Although the two variables have a relatively strong correlation, they do not necessarily measure the same thing. The change in home value represents the difference between home values in 2000 and 2010, while the growth in home value represents the percentage increase or decrease in home values during the same period. The correlation suggests that there is a relationship between the change and growth in home values, but they are not identical measures.
(Despite there being a likely issue with multicollinearity, I’m keeping the log_prof in the model for explainatory purposes)
| Dependent variable: | ||
| mhv.change | mhv.growth | |
| Model 1: Change in Median Home Value | Model 2: Median Home Value Growth | |
| (1) | (2) | |
| Log College Graduates | 1,554.83 (3,951.38) | 19.72*** (1.65) |
| Log Vacant Housing | 51,011.43*** (2,740.31) | 2.34** (1.15) |
| Log Professional Occupations | -19,708.01*** (1,361.62) | 3.67*** (0.55) |
| log_prof | 4,565.85 (4,327.64) | 2.45 (1.84) |
| Observations | 59,500 | 58,788 |
| R2 | 0.05 | 0.001 |
| Adjusted R2 | 0.05 | 0.001 |
| Residual Std. Error | 88,432.31 (df = 59496) | 35.15 (df = 58784) |
| F Statistic | 958.51*** (df = 3; 59496) | 26.79*** (df = 3; 58784) |
| Note: | p<0.1; p<0.05; p<0.01 | |
Yes, two of the variables, the number of college graduates (log_col) and vacant housing (log_vacant), predicted changes to home value and home value growth in a meaningful and statistically significant way.
In the first model (change in median home value), the number of college graduates (log_col) had the largest impact. In the second model (median home value growth), vacant housing (log_vacant) had the largest impact.
The number of college graduates and vacant housing significantly influenced changes in home values and home value growth, while the number of professional occupations did not have a significant effect.
So, 2/3 predictions were correct.
This analysis explored the relationship between the change in median home value and the growth in median home value with three variables: % of college graduates, % of vacant housing, and % of professional occupations. The % of college graduates and % of vacant housing significantly influenced changes in home values and home value growth.
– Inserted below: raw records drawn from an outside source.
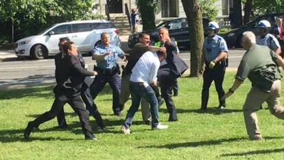 “De repente empezaron a correr hacia nosotros”, explicó a la cadena ABC un manifestante. “Alguien me empezó a golpear en la cabeza repetidas veces. Pensé, ya estoy en el suelo, ¿por qué sigue pegándome?”, dijo. La pelea tuvo lugar en el acomodado barrio de Dupont Circle, en el que se encuentran las representaciones diplomáticas de muchos países en Washington.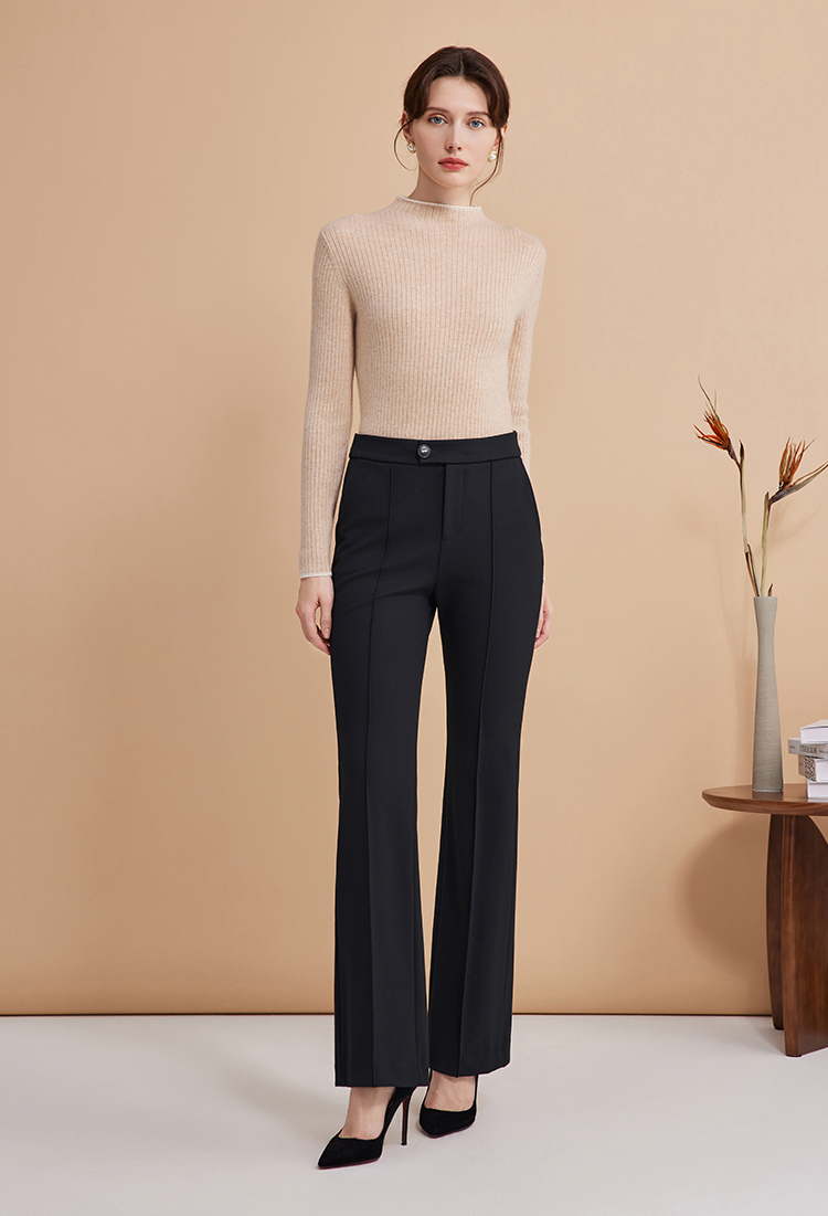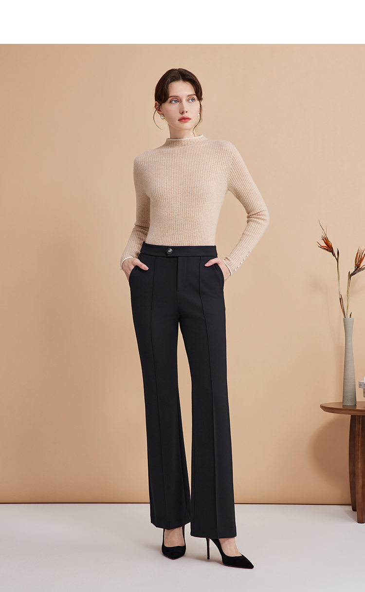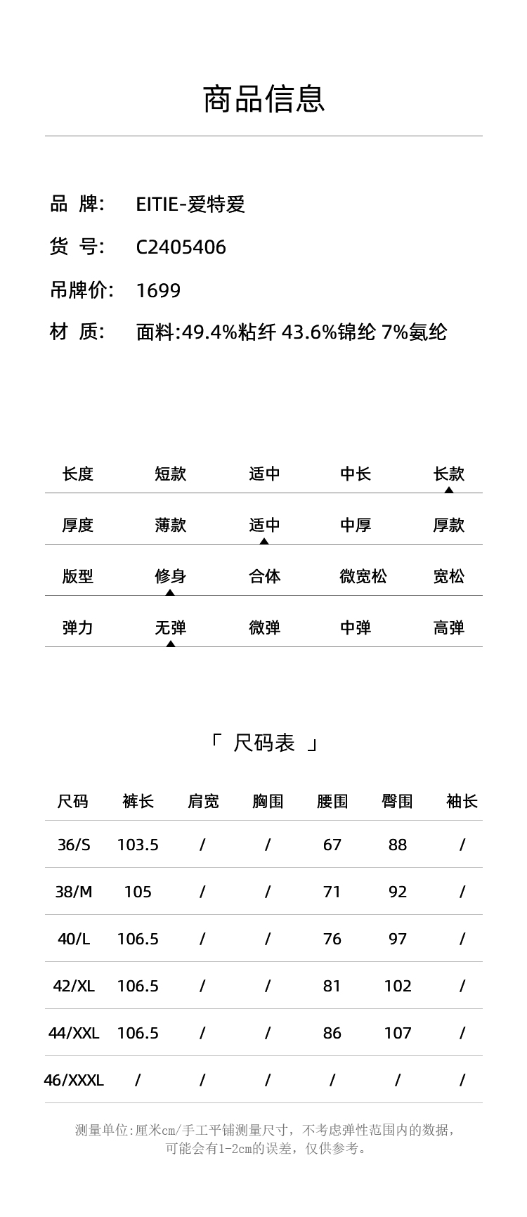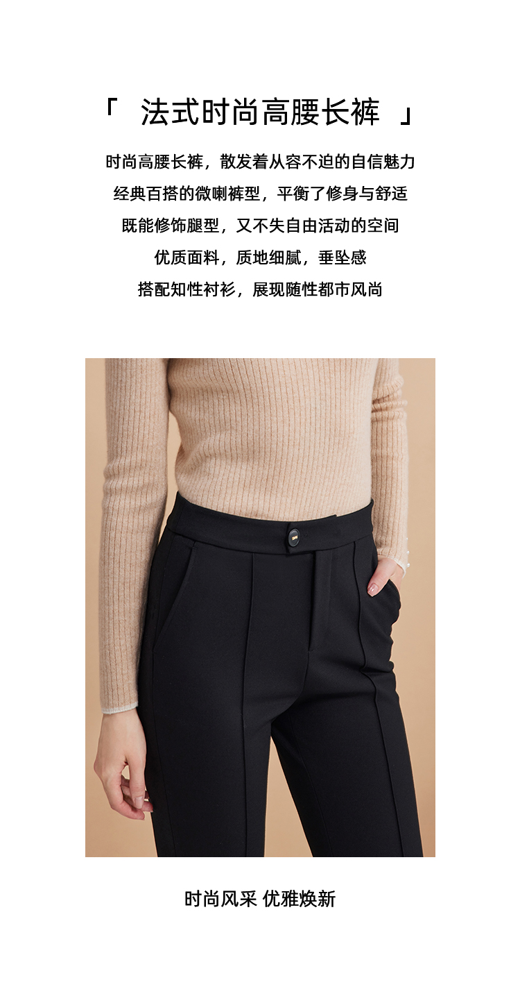 EITIE爱特爱修身微弹舒适百搭经典黑色直筒长裤休闲裤秋新款C2405406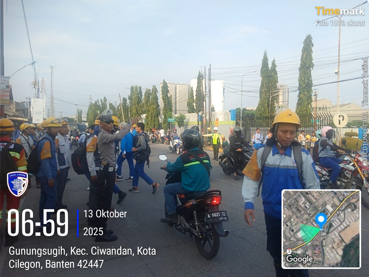 Cilegon - Personil  Polsek Ciwandan Polres Cilegon Polda Banten melaksanakan giat Strong Poin Pengaturan Lalu Lintas Disimpang Brown Kelurahan Gunung Sugih guna menciptakan ketertiban, keamanan dan Kelancaran Lalu-lintas bagi masyarakat, Senin (13/10/2025).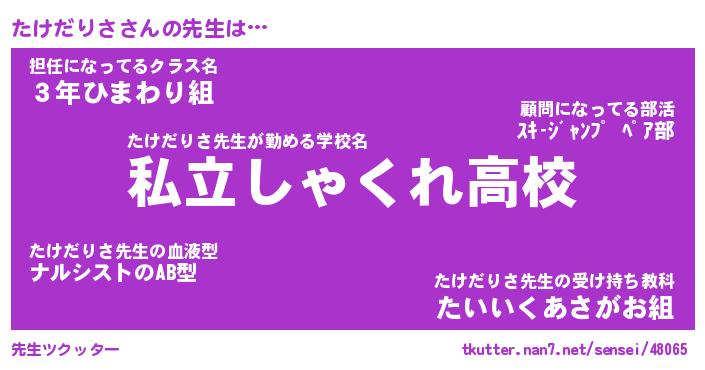 | ファンタジー風あだ名 | 『タケフェル』『エターナルタケダリサー』 |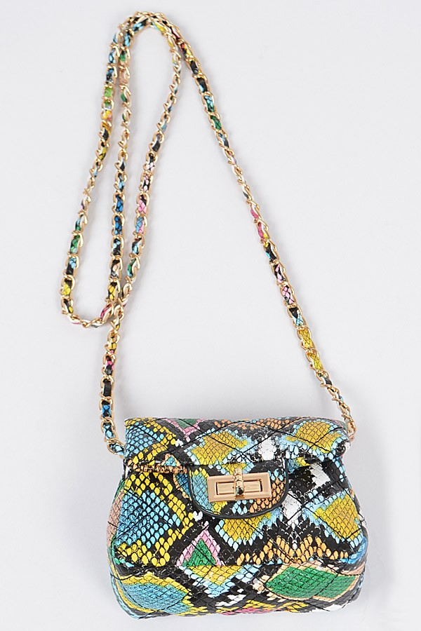 When you need that "just enough" purse for your night out. Compact, keys, lipstick, money/cards and ID...the Magnificent Mini Statement Purse is your GIRL! In a fun textured and vibrant multi-colored snake skin print she will be the POP against that "little black dress". Gold hardware, twist lock front clasp, chain and material long shoulder or crossbody strap. She packs a punch for her small but mighty size - 5"W X 3"H X 2"D

In the first analysis (model 1), areas with more college graduates experienced a greater increase in median home value. In contrast, areas with more vacant housing saw a smaller increase or even a decrease in median home value. In the second analysis (model 2), the growth of median home values was also significantly influenced by the number of college graduates and vacant housing. However, the number of vacant houses had a more substantial impact on home value growth in this model.
The number of professional occupations did not have a significant effect on either change in home values or home value growth.
I will be calculating the effect sizes using the full models
model1 <- lm(mhv.change ~ log_col + log_vacant + log_prof, data = reg.data)
and
model2 <- lm(mhv.growth ~ log_col + log_vacant + log_prof, data = reg.data)
as to interpret the relative importance of each variable in predicting
the outcome.
| Model | Log College Graduates | Log Vacant Housing | Log Professional Occupations |
|---|---|---|---|
| Change in Median Home Value | 23315.80752 | -7215.335742 | 1222.3555446 |
| Median Home Value Growth | 1.06811 | 1.343253 | 0.6547517 |
I model 1, college graduates has the largest effect size, indicating that it has the most significant impact on the outcome. In model 2, vacant housing has the largest effect size, and the log of professional occupations has the smallest effect size.